### TASK TO CARRY OUT
Pictures in the records are to be excluded from an otherwise exact copy.

### EXTRACTED ENTRIES
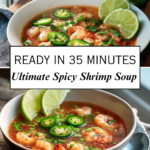 A flavorful Spicy Shrimp Soup featuring tender shrimp, fresh herbs, jalapeños, and a bright lime broth for a comforting and bold meal.
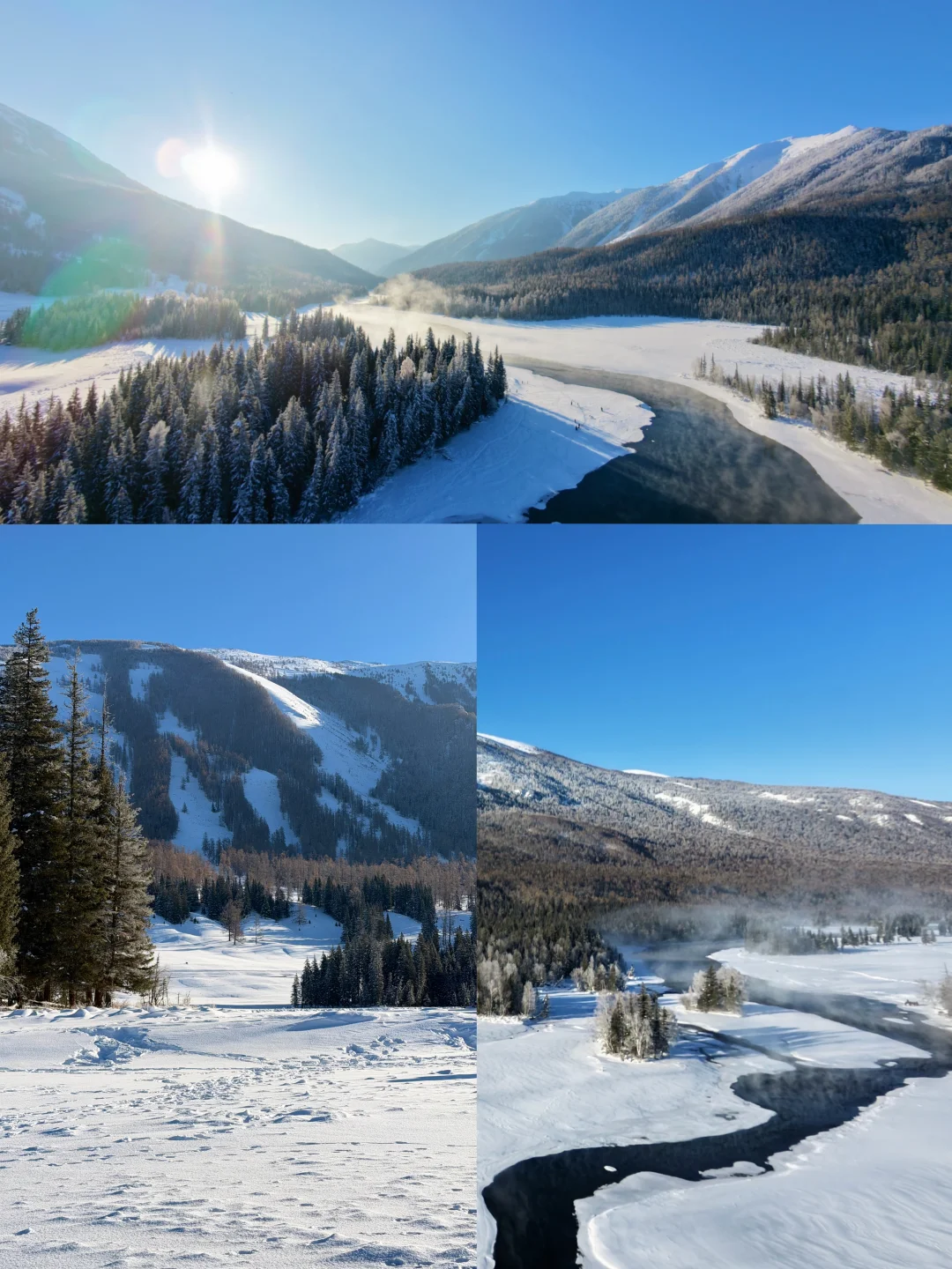 🔹冬天的喀纳斯湖结成蓝冰,湖岸堆着厚厚的雪蘑菇。可以沿湖边栈道走走
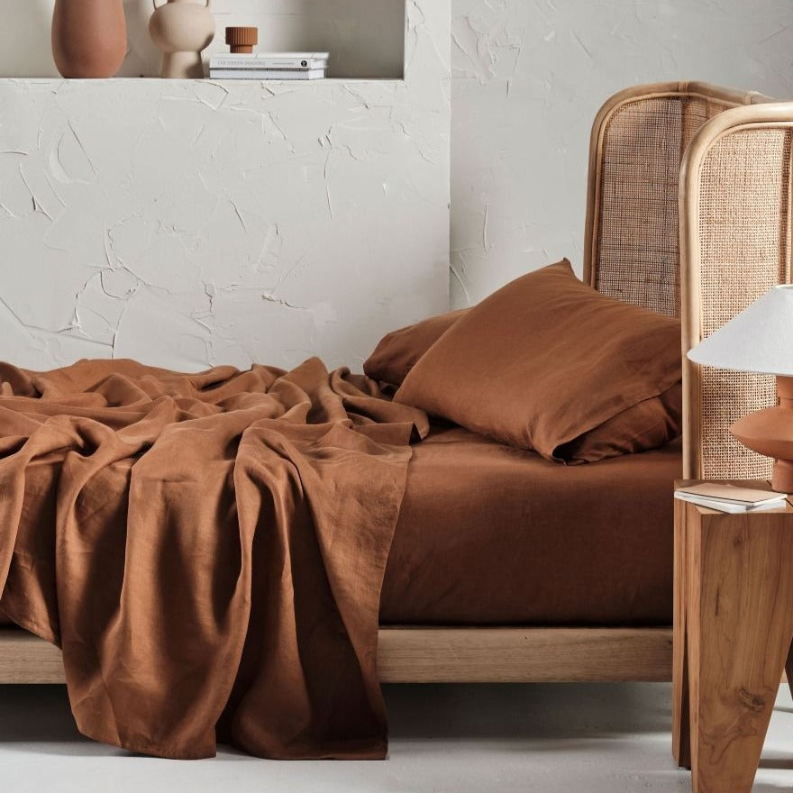 Nimes Pure Linen Cinnamon SHEET SET by LINEN HOUSE
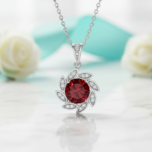 Ignite your passion with our stunning 1.0 Ct Ruby Flower Pendant Necklace. The Ruby is the highly coveted, fiery red variety of the mineral corundum, known as the "King of Gems." Its intense color, caused by chromium, is traditionally believed to bring good fortune, inspire confidence, and protect its wearer.
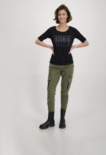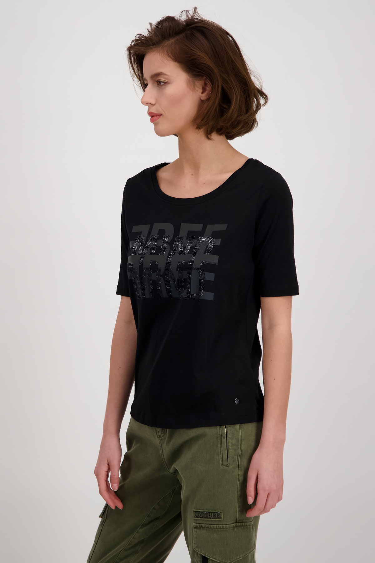 На сайте указаны российские размеры. Легкая футболка из джерси с короткими рукавами и стразами. Прямой крой с небольшой вставкой на круглой горловине и закругленным низом. Детали: перед с гламурным шрифтом из блестящего лакового принта и сверкающих страз. Качество: изготовлено из высококачественного хлопка с примесью модала. Идеально подходит для бесчисленных образов. Сочетайте рубашку с приятным комфортом при ношении по своему желанию! Модель ростом 178 см. Длина спины 44 размера 64 см.
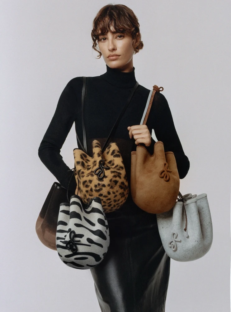 Серед центральних елементів колекції — HatBag, унікальний аксесуар-трансформер, що поєднує функціональність сумки та капелюха. Ruslan Baginskiy додає до лінійки також нові форми, зокрема айві-кеп — силует, що балансує між класикою та сьогоденням.
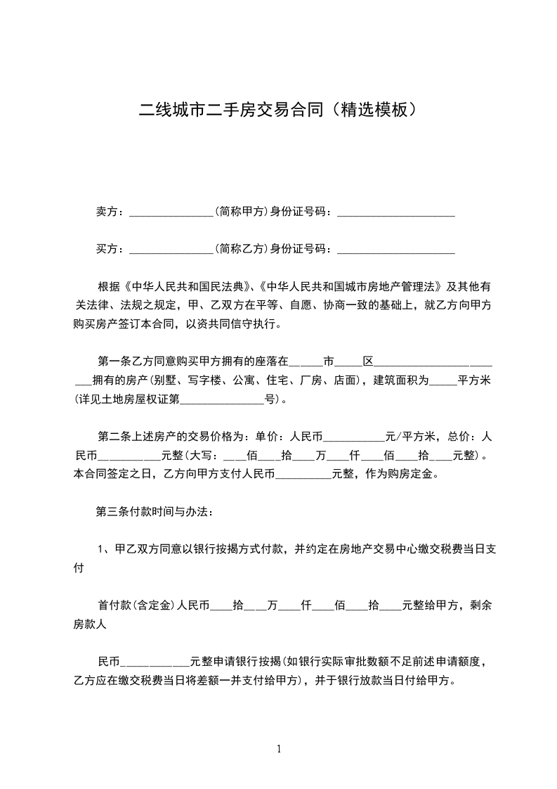 甲乙双方商定成交价格为人民币________元,(大写)_____佰_____拾_____万_____仟_____佰_____拾元整。
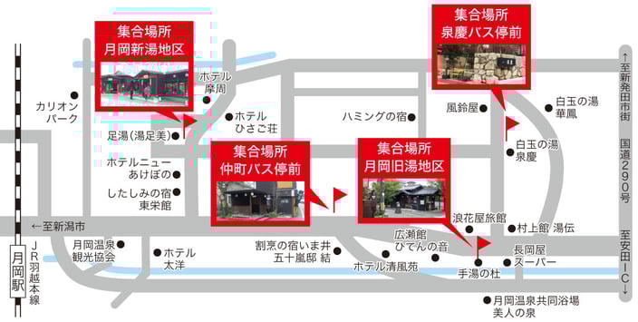 月岡温泉 ■泉慶バス停前・「源泉の杜」手湯前(9:35発) ■仲町バス停前・「月姫広場」足湯前(9:40発) |
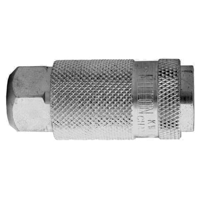 1/4" FNPT L Style Coupler. Features: 1/4" female national pipe thread Air flow of 32 standard cubic feet per minute Maximum temperature of 250 degrees Fahrenheit 1/4" FNPT L style coupler is steel plated to resist rust. L style couplers have a 1/4" basic flow size and a maximum pressure of 300 PSI. This push type coupler has a Maximum of 32 SCFM and a Buna-N seal.
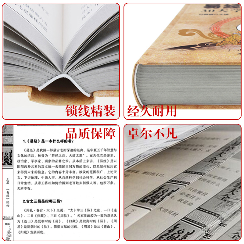 《易經》是中國古代最早涵蓋天、地、人三界的哲學著作,是華夏文明的源頭,被奉為經典中的經典,哲學中的哲學,智慧中的智慧。 幾千年來,無數人被《易經》的魅力所折服,研究它的著作多達數千種,形成了人類文化歷史上獨一無二的學術奇觀。 老子、孔子、董仲舒、司馬遷、鄭玄、阮籍、王弼、陸德明、孫思邈、孔穎達、蘇遼、歐陽修、程頤、朱熹、王陽明、王夫之等都是著名的易學大師。 不只在中國,在國外,《易經》的影響也是深遠的。 日本漢學家本田成之說:「《易經》乃是中國人一切智慧的基礎,是唯物主義及其規律的基礎。」歐洲哲學家捷思說:「談到人類智慧寶典,首推中國 《易經》。」德國哲學家黑格爾甚至在自傳中承認他所創造的正反合辯證邏輯定律,正是得於《易經》的啟發。 這是一部在尊重原著的基礎上,結合歷代學者的易學研究成果,用現代的視角,綜合圖片、專題等多種要素對《易經》進行了全新演繹的經典智慧讀本。
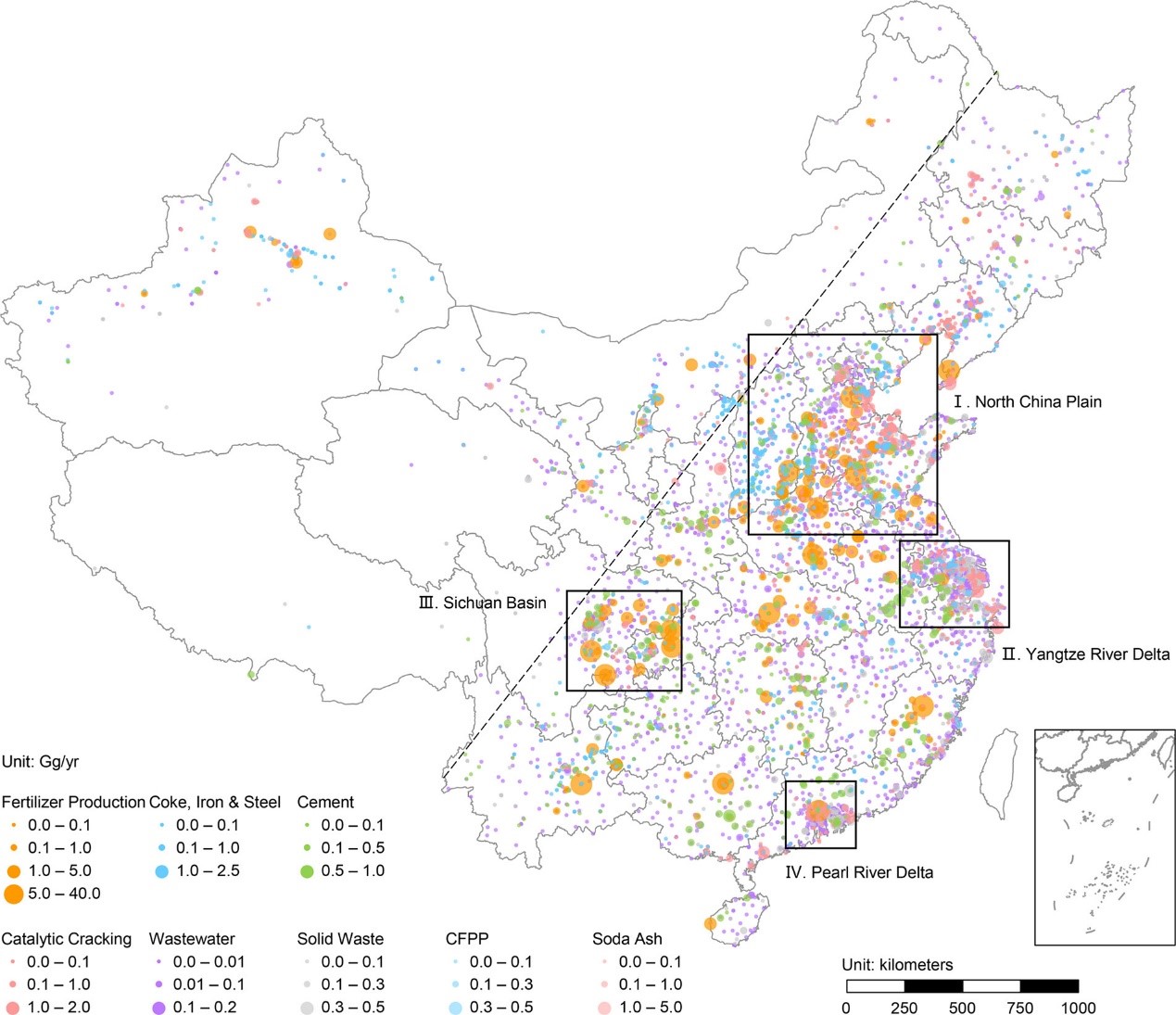 氨(NH3)是二次无机气溶胶的重要前体物,对氮沉降和酸雨有重要影响。以往的研究主要集中于农业源氨排放,而最近的研究指出,中国的工业源氨排放也很重要。然而目前,中国工业部门氨排放尚且缺乏详细的估计。
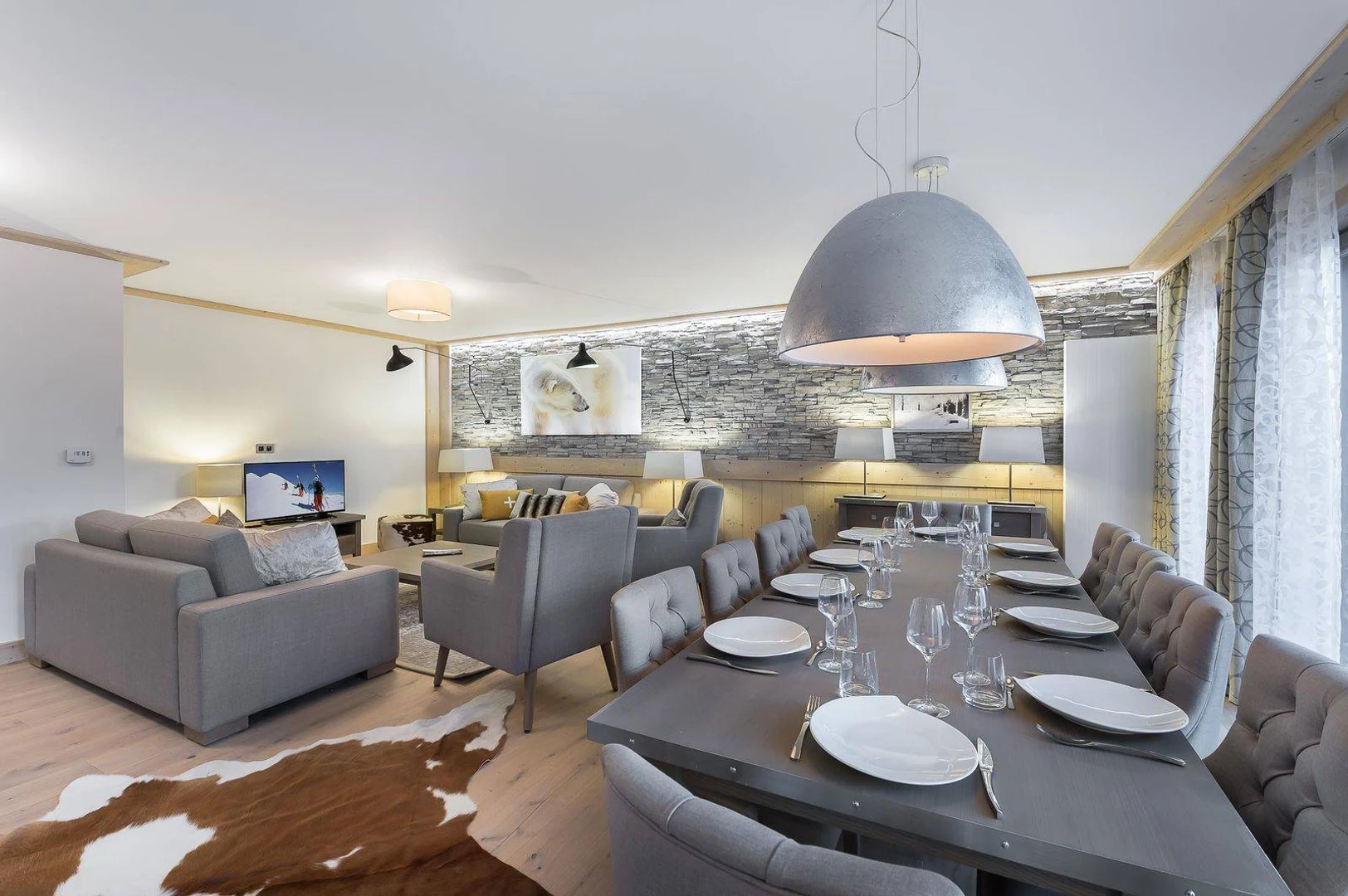 Apartment Carré 242 is located in the central Courchevel Village, within the prestigious Carré Blanc residence. With its stylish design and stunning views of the Vanoise peaks, this apartment offers a comfortable and inviting atmosphere.
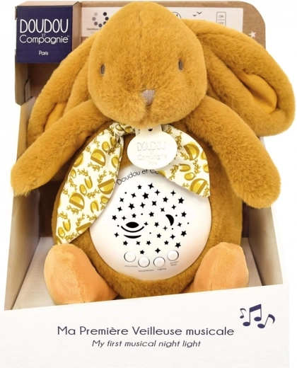 Ce produit multifonction stimule le développement sensoriel des enfants et constitue un cadeau idéal dès la naissance. Il est facile à entretenir grâce à la boîte à musique amovible. Le lapin est conforme aux normes européennes CE et fonctionne avec trois piles AAA/R03.
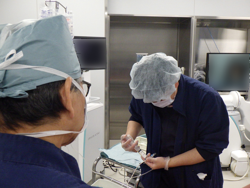 この他に手術中は麻酔医や他の間接介助の看護師と連携して患者さんの異常を早期に発見できる様にしています。又、手術後の患者さんの所に訪問してお話を伺い、スタッフ間で術中の看護の振り返りをして患者さんが安全・安楽・安心に手術が受けられるように日々業務を行なっています。

### RESULT
 A flavorful Spicy Shrimp Soup featuring tender shrimp, fresh herbs, jalapeños, and a bright lime broth for a comforting and bold meal.
 🔹冬天的喀纳斯湖结成蓝冰,湖岸堆着厚厚的雪蘑菇。可以沿湖边栈道走走
 Nimes Pure Linen Cinnamon SHEET SET by LINEN HOUSE
 Ignite your passion with our stunning 1.0 Ct Ruby Flower Pendant Necklace. The Ruby is the highly coveted, fiery red variety of the mineral corundum, known as the "King of Gems." Its intense color, caused by chromium, is traditionally believed to bring good fortune, inspire confidence, and protect its wearer.
 На сайте указаны российские размеры. Легкая футболка из джерси с короткими рукавами и стразами. Прямой крой с небольшой вставкой на круглой горловине и закругленным низом. Детали: перед с гламурным шрифтом из блестящего лакового принта и сверкающих страз. Качество: изготовлено из высококачественного хлопка с примесью модала. Идеально подходит для бесчисленных образов. Сочетайте рубашку с приятным комфортом при ношении по своему желанию! Модель ростом 178 см. Длина спины 44 размера 64 см.
 Серед центральних елементів колекції — HatBag, унікальний аксесуар-трансформер, що поєднує функціональність сумки та капелюха. Ruslan Baginskiy додає до лінійки також нові форми, зокрема айві-кеп — силует, що балансує між класикою та сьогоденням.
 甲乙双方商定成交价格为人民币________元,(大写)_____佰_____拾_____万_____仟_____佰_____拾元整。
 月岡温泉 ■泉慶バス停前・「源泉の杜」手湯前(9:35発) ■仲町バス停前・「月姫広場」足湯前(9:40発) |
 1/4" FNPT L Style Coupler. Features: 1/4" female national pipe thread Air flow of 32 standard cubic feet per minute Maximum temperature of 250 degrees Fahrenheit 1/4" FNPT L style coupler is steel plated to resist rust. L style couplers have a 1/4" basic flow size and a maximum pressure of 300 PSI. This push type coupler has a Maximum of 32 SCFM and a Buna-N seal.
 《易經》是中國古代最早涵蓋天、地、人三界的哲學著作,是華夏文明的源頭,被奉為經典中的經典,哲學中的哲學,智慧中的智慧。 幾千年來,無數人被《易經》的魅力所折服,研究它的著作多達數千種,形成了人類文化歷史上獨一無二的學術奇觀。 老子、孔子、董仲舒、司馬遷、鄭玄、阮籍、王弼、陸德明、孫思邈、孔穎達、蘇遼、歐陽修、程頤、朱熹、王陽明、王夫之等都是著名的易學大師。 不只在中國,在國外,《易經》的影響也是深遠的。 日本漢學家本田成之說:「《易經》乃是中國人一切智慧的基礎,是唯物主義及其規律的基礎。」歐洲哲學家捷思說:「談到人類智慧寶典,首推中國 《易經》。」德國哲學家黑格爾甚至在自傳中承認他所創造的正反合辯證邏輯定律,正是得於《易經》的啟發。 這是一部在尊重原著的基礎上,結合歷代學者的易學研究成果,用現代的視角,綜合圖片、專題等多種要素對《易經》進行了全新演繹的經典智慧讀本。
 氨(NH3)是二次无机气溶胶的重要前体物,对氮沉降和酸雨有重要影响。以往的研究主要集中于农业源氨排放,而最近的研究指出,中国的工业源氨排放也很重要。然而目前,中国工业部门氨排放尚且缺乏详细的估计。
 Apartment Carré 242 is located in the central Courchevel Village, within the prestigious Carré Blanc residence. With its stylish design and stunning views of the Vanoise peaks, this apartment offers a comfortable and inviting atmosphere.
 Ce produit multifonction stimule le développement sensoriel des enfants et constitue un cadeau idéal dès la naissance. Il est facile à entretenir grâce à la boîte à musique amovible. Le lapin est conforme aux normes européennes CE et fonctionne avec trois piles AAA/R03.
 この他に手術中は麻酔医や他の間接介助の看護師と連携して患者さんの異常を早期に発見できる様にしています。又、手術後の患者さんの所に訪問してお話を伺い、スタッフ間で術中の看護の振り返りをして患者さんが安全・安楽・安心に手術が受けられるように日々業務を行なっています。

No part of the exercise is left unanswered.